I Requested Claude to Replicate a PNAS Paper Utilizing OpenAI’s Batch API. This is What Occurred (Half 1)

February 5, 2026

3

I’ve been experimenting with Claude Code for months now, utilizing it for every thing from writing lecture slides to debugging R scripts to managing my chaotic tutorial life. However most of these duties, if I’m being sincere, are issues I might do myself. They’re simply sooner with Claude.

Final week I made a decision to attempt one thing completely different. I needed to see if Claude might assist me do one thing I genuinely didn’t know learn how to do: pull in a replication package deal from a printed paper, run NLP classification on 300,000 textual content information utilizing OpenAI’s Batch API, and evaluate the outcomes to the unique findings.

That is Half 1 of that story. Half 2 could have the outcomes—however I’m scripting this earlier than the batch job finishes, so we’re all in suspense collectively. Right here’s the video stroll via. I’ll submit the second as soon as that is finished and we’ll test it collectively.

Thanks once more for all of your assist! These Claude Prices, and the substack extra typically, are labors of affection. Please contemplate turning into a paying subscriber! It’s $5/month, $50/yr or founding member costs of $250! For which I may give you full and complete consciousness in your dying mattress in return.

The paper I selected was Card, et al. (PNAS 2022): “Computational evaluation of 140 years of US political speeches reveals extra constructive however more and more polarized framing of immigration.” Let me dive in and inform you about it. Should you haven’t learn it, the headline findings are hanging:

General sentiment towards immigration is MORE constructive at present than a century in the past. The shift occurred between WWII and the 1965 Immigration Act.
However the events have polarized dramatically. Democrats now use unprecedentedly constructive language about immigrants. Republicans use language as damaging as the common legislator throughout the Nineteen Twenties quota period.

The authors categorised ~200,000 congressional speeches and ~5,000 presidential communications utilizing a RoBERTa mannequin fine-tuned on human annotations. Every speech phase was labeled as PRO-IMMIGRATION, ANTI-IMMIGRATION, or NEUTRAL. However my query was can we replace this paper utilizing a contemporary massive language mannequin to do the classification? And may we do it stay with out me doing something aside from dictating to Claude Code the duty?

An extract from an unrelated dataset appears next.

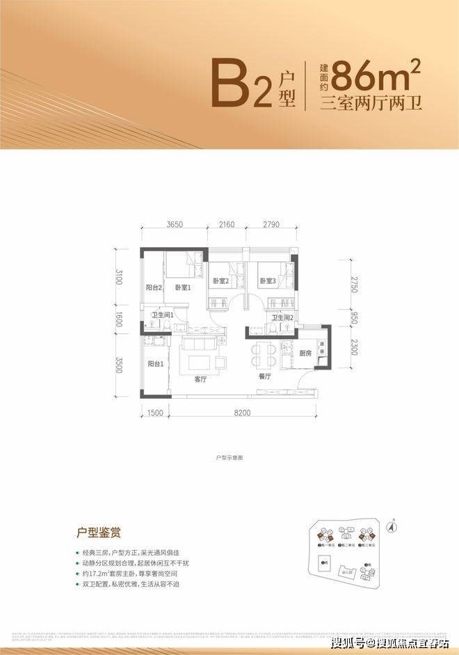 86㎡的3房2厅1卫,折后总价365-405万/套,折后单价4.26-4.72万/㎡。

If the reply to this query is sure, then it means researchers can use off-the-shelf LLMs for textual content classification at scale—cheaper and sooner than coaching customized fashions—and for many people, that’s an ideal lesson to be taught. However I believe this train additionally doubles to indicate that even when you really feel intimidated by such a activity, you shouldn’t, as a result of I mainly do that whole factor by typing my directions in, and letting Claude Code do the complete factor, together with discovering the replication package deal, unzipping and extracting the speeches!

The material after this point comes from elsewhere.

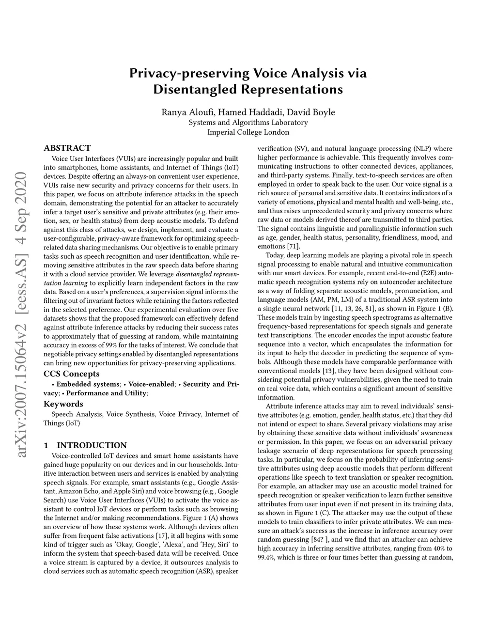 Privacy-preserving Voice Analysis via Disentangled Representations

If no, we be taught one thing about the place human-annotated coaching knowledge nonetheless issues. And we be taught possibly that this use of Claude Code to do all this through “dictation” is possibly additionally not all it’s cracked as much as be.

Let me be clear about what makes this troublesome:

Scale. We’re speaking about 304,995 speech segments. You possibly can’t simply paste these into ChatGPT one by one.
Infrastructure. OpenAI’s Batch API is the appropriate device for this—it’s 50% cheaper than real-time API calls and may deal with huge jobs. However setting it up requires understanding file codecs, authentication, job submission, outcome parsing, and error dealing with.
Methodology. Even when you get the API working, you must think twice about immediate design, label normalization, and learn how to evaluate your outcomes to the unique paper’s.
Coordination. The replication knowledge lives on GitHub. The API key lives someplace safe. The code must be modular and well-documented. The outcomes have to be interpretable.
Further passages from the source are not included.